Sunday, September 18, 1988

Spider-man Takes On Another Real Villain: Emotional Child Abuse

Spider-man Takes On Another Real Villain: Emotional Child Abuse
By Linnet Myers - September 18, 1988

When Spider-Man revealed in a 1985 comic strip that he had been sexually abused as a youngster, the response was phenomenal,` according to the National Committee for Prevention of Child Abuse.

``We actually got hundreds of letters here addressed to Spider-Man saying, `You know what happened to you? It`s happening to me, said Anne Cohn, executive director of the committee.

Now the committee and Marvel Comics have produced another comic strip in which Spider-Man takes on the issue of emotional child abuse.

The four-page color supplement is included in today's Tribune and has already appeared in several other newspapers across the country, including the Houston Chronicle, the Des Moines Register and the Columbus Dispatch, said Christine Benuzzi, the committee`s director of resource development.
The committee has turned its focus to emotional abuse because ``it`s probably the most hidden and yet most insidious type of abuse,`` Cohn said.
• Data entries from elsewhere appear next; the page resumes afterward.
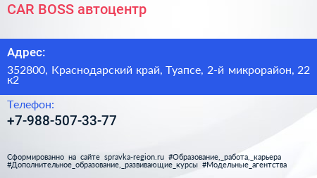 CAR BOSS, автоцентр по адресу 352800, Краснодарский край, Туапсе, 2-й микрорайон, 22 к2 в дальнейшем Организация, размещена в следующих категориях:
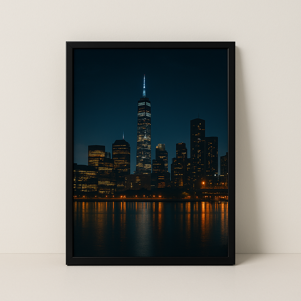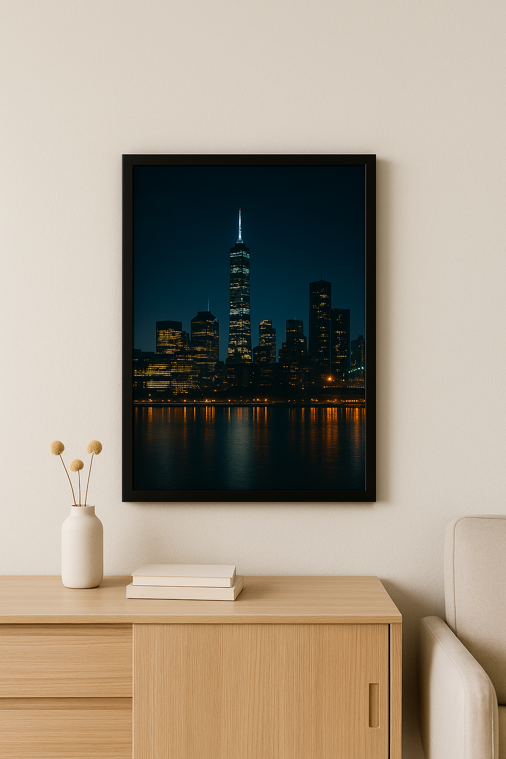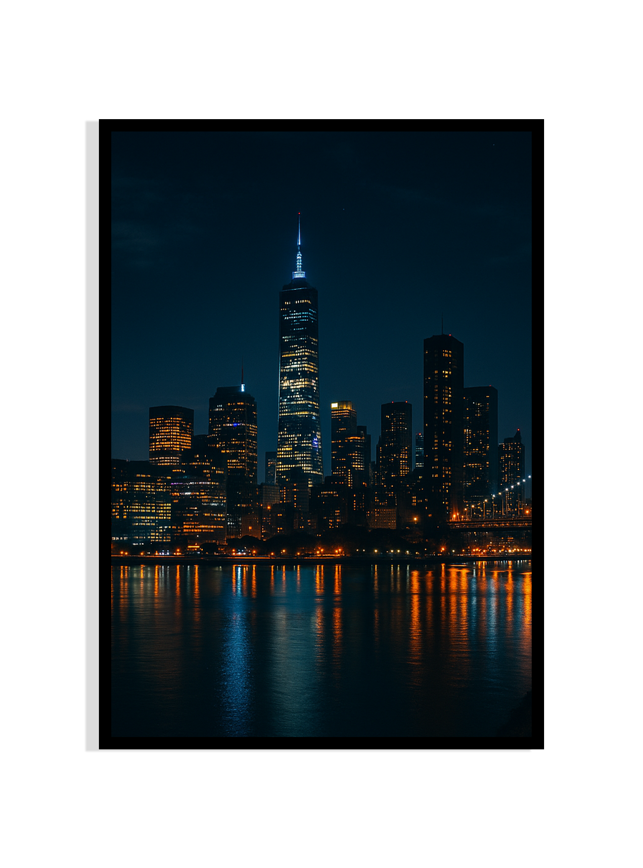 Transform your space with the mesmerizing glow of the Midnight Skyline, a stunning framed print from our exclusive Night Scape Collection. Capturing the heart of a luminous city beneath a velvet sky, this artwork brings the magic of urban nights to your home or office. With reflections dancing on the water and a towering skyline bathed in cool and warm tones, this piece exudes sophistication, tranquility, and modern elegance.
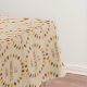 This awesome tablecloth features a digital art image of a series of Oak leaves in shades of red, orange, yellow and green arranged in a circle around some text with alternating letters of red, yellow, orange and green that says Happy Thanksgiving Day.
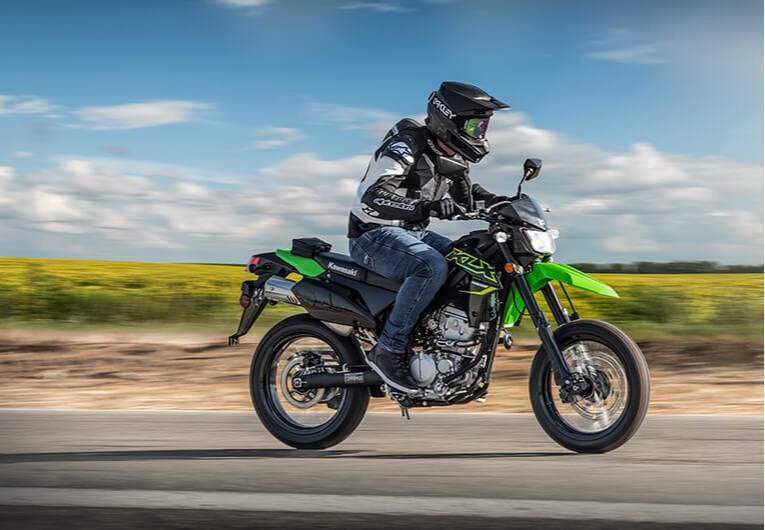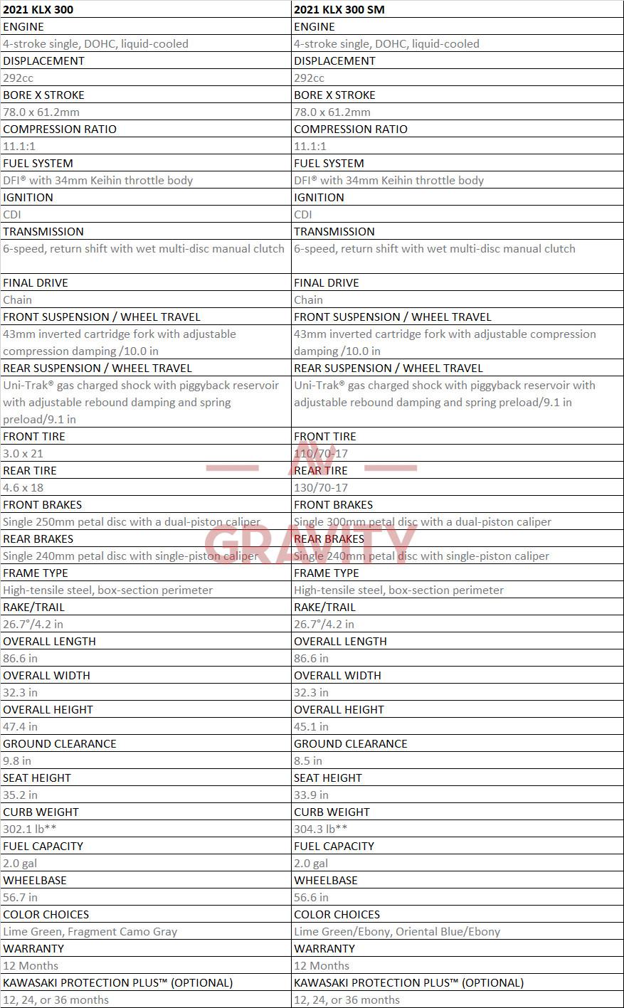 2021 KLX 300 and KLX 300 SM arrive with 292cc, 4-stroke single, DOHC, liquid-cooled motor integrated with 6-speed, return shift with wet multi-disc manual clutch.

A child may be told, `You`re disgusting. I wish you were never born.` If they`re told day after day that they`re worthless-that they`re never going to amount to anything-then sure enough, they don`t.

Children believe what their parents tell them.

The new Spider-Man comic is part of the committee`s nationwide campaign against emotional abuse. Television spots showing parents angrily insulting their children are also featured.

Cohn said the committee has already seen responses to the ads and to the comic strip in areas where it has appeared. She said one woman-the mother of two boys-wrote that ``I first saw myself and my actions reflected on the TV in a short but painful commercial. I felt very ashamed of myself.

The 1985 Spider-Man comic, which dealt with sexual abuse, was produced after Pamela Rutt, Marvel Comics` publicity director, called the committee.

She spoke with Cohn, and the two came up with the idea, Rutt said. Since then, more than 16 million copies of the sexual-abuse comic supplement have been distributed through 150 papers nationwide, Rutt said. Two million more were distributed through the committee.

Spider-Man himself made appearances at schools, day-care centers and shopping malls in areas where the supplement was distributed, she said. When Spider-Man spoke of his frightening childhood experience, it was

``astonishing`` to see how children reacted, Rutt said.

When children came up and told Spider-Man that they also had the problem, ``Spider-Man would say, `I`m glad you came forward and told me that, "Rutt said. He would then refer the child to an expert for help, she said.

Spider-Man, (whose secret identity Rutt refused to reveal), is making similar stops for the new supplement, although there are no plans for a Chicago visit.

If copies in Sunday`s Tribune are included, about 4 million copies of the new supplement have been distributed, Rutt said. In the comic strip in today`s Tribune, Spider-Man discusses the problems of a boy and his sister, who are tormented by their cruel alcoholic father.